_The task_
Reproduce nothing but the closing run of lines: the line with "Этот образец (рис." and each line that follows it to the end of the data.

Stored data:
····················

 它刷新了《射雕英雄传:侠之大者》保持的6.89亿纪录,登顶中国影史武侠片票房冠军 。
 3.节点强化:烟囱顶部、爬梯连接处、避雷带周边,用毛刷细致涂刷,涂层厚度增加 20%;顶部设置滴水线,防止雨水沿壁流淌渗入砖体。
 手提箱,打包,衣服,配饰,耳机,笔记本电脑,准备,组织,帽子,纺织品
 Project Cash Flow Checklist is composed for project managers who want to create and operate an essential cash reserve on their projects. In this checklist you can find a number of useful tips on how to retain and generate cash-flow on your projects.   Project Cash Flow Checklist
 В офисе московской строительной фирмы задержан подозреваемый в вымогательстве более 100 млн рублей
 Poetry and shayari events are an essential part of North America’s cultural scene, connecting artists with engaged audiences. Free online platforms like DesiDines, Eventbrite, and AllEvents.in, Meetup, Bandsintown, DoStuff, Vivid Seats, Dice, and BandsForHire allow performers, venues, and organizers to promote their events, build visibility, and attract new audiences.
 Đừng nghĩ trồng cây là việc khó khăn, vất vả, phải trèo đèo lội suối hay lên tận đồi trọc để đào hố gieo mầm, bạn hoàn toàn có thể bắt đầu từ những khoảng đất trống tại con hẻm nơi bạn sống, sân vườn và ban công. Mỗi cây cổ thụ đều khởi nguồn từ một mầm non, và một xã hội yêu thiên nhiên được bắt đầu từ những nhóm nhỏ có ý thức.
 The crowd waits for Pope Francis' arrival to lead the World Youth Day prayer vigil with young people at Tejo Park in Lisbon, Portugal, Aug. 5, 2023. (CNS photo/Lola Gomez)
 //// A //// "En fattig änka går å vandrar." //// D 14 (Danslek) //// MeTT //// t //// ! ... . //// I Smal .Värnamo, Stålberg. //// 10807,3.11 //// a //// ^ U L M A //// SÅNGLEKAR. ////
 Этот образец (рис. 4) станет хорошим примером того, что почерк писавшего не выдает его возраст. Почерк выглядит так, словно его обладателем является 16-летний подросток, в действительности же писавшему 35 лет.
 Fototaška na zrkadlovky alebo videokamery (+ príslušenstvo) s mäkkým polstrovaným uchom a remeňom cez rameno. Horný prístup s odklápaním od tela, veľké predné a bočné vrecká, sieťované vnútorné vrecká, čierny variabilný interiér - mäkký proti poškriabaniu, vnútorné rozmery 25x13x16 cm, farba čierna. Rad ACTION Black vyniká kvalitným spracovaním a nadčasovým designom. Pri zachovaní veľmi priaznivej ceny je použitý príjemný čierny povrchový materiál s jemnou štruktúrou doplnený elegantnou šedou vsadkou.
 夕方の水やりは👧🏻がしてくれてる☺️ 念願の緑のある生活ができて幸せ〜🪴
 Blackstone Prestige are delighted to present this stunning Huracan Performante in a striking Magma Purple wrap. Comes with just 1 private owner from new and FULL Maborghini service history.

····················

_Answer box_
 Этот образец (рис. 4) станет хорошим примером того, что почерк писавшего не выдает его возраст. Почерк выглядит так, словно его обладателем является 16-летний подросток, в действительности же писавшему 35 лет.
 Fototaška na zrkadlovky alebo videokamery (+ príslušenstvo) s mäkkým polstrovaným uchom a remeňom cez rameno. Horný prístup s odklápaním od tela, veľké predné a bočné vrecká, sieťované vnútorné vrecká, čierny variabilný interiér - mäkký proti poškriabaniu, vnútorné rozmery 25x13x16 cm, farba čierna. Rad ACTION Black vyniká kvalitným spracovaním a nadčasovým designom. Pri zachovaní veľmi priaznivej ceny je použitý príjemný čierny povrchový materiál s jemnou štruktúrou doplnený elegantnou šedou vsadkou.
 夕方の水やりは👧🏻がしてくれてる☺️ 念願の緑のある生活ができて幸せ〜🪴
 Blackstone Prestige are delighted to present this stunning Huracan Performante in a striking Magma Purple wrap. Comes with just 1 private owner from new and FULL Maborghini service history.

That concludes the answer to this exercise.